EJ Obiena bags pole vault bronze in star-studded Rome tilt


Armand Duplantis sets new outdoor world record
Tokyo Olympics-bound EJ Obiena posts his season-best record at the Rome Diamond League on Thursday. (Kirill Kudryavtsev, AFP/file)

Pole vaulter EJ Obiena pocketed the bronze medal in the elite Rome Diamond League in Italy on Thursday after posting a season-best 5.80 meters.

Obiena failed to clear the 5.85m – an attempt that could have reset his own Philippine record of 5.81m – and settled behind Belgium's Ben Broeders and world record holder Armand Duplantis of Sweden.

Broeders registered 5.80m on his second attempt for silver while Duplantis captured the gold with a world record-breaking performance of 6.15m.

EJ Obiena
Philippines' Ernest John Obiena competes in the men's Pole Vault during the IAAF Diamond League competition on September 17, 2020 at the Olympic stadium in Rome. (Photo by ANDREAS SOLARO / AFP)

It was Obiena’s sixth podium finish since he started competing last month and second bronze medal in the Diamond League after the same podium finish in Monaco last month.

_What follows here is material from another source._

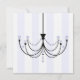 Une invitation sophistiquée et polyvalente avec l'illustration d'un lustre en cristal. Le Arrière - plan est des rayures verticales bleues et blanches. Les caractéristiques latérales en face correspondent à des arrière - plans rayés bleus et blancs. La section la plus simple est composée de garnitures noires. Personnalisez le texte noir avec les détails de votre événement. Recherchez les articles correspondants tels que la poste, la papeterie et les autocollants chez Jill's Paperie.

Former world champion Raphael Holzdeppe of Germany came in fourth with 5.70m.

Duplantis sets new outdoor world record

Swedish pole vault star Armand Duplantis eclipsed Ukrainian legend Sergey Bubka's 26-year mark, setting a outdoor new pole vault world record of 6.15m at the Diamond League meeting in Rome on Thursday.

Duplantis, who already holds the world indoor record of 6.18m, bettered the mark of 6.14m achieved by Bubka in July 1994 in Italy.

The 20-year-old succeeded on his second attempt in a competition he dominated in perfect warm and windless conditions, but without spectators to celebrate in an empty Stadio Olimpico.

"I think I'm still up in the clouds right now," said the US-born athlete. 

"It's a surreal, super crazy feeling."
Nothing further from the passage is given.